To further strengthen the content of this compendium, we solicit the support and help of the community to add additional references to the online version of this document available at https://github.com/Inplanta/In_planta_transformation. To do so, people can send their annotated references to the ‘’Issue’’ section of the GitHub page under the following format: (i) Family; (ii) Genera; (iii) Species; (iv) Common name; (v) Type of explant; (vi) Method; (vii) Notes; and (viii) Complete reference.

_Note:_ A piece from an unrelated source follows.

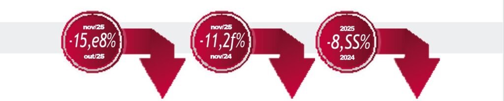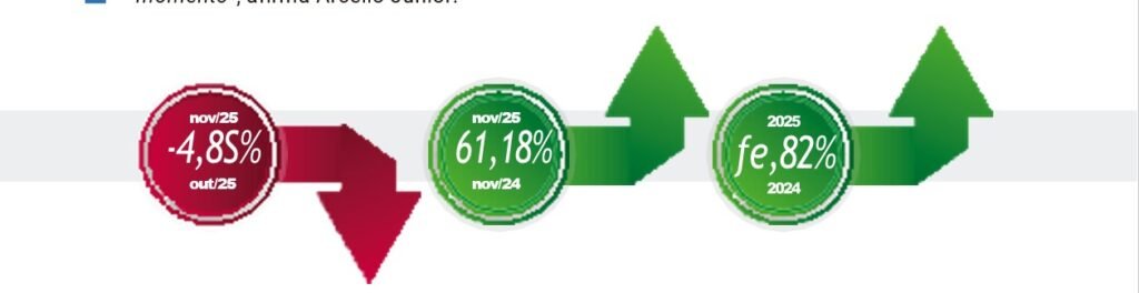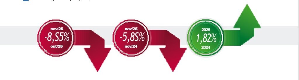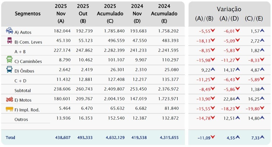 Se considerarmos a comparação entre novembro/2025 e novembro/2024, ambos com igual número de dias úteis, houve alta de 4,5%. No acumulado dos 11 meses de 2025, o setor já registra 4.632.129 veículos emplacados, um crescimento de 7,3% na comparação com igual período de 2024 (4.315.655 unidades).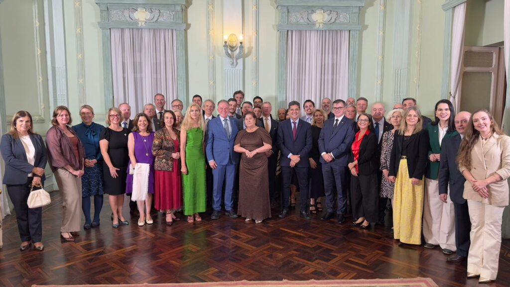O governador do Espírito Santo, Renato Casagrande, recebeu, nessa terça-feira (23), um grupo de 17 embaixadores de países europeus para um evento sobre “Federalismo Climático, Estratégias de Descarbonização e Investimentos Verdes”. A embaixadora da União Europeia no Brasil, Marian Schuegraf, também participou do encontro no Palácio Anchieta, em Vitória. O evento foi uma possibilidade de diálogo e cooperação interinstitucional entre o Consórcio Brasil Verde, presidido por Casagrande, e os Estados-Membros da União Europeia.

The references should be in an Excel format and need to be submitted along with the original document. The compendium was built to limit in-text citations and provide a user-friendly versatile document to group and annotate in planta references. Overall, video footage showing specific methodological aspects is considered to be particularly helpful for the understanding and replicability of the techniques. To maximize the understanding of this paper, readers are invited to consult the compendium as they are reading.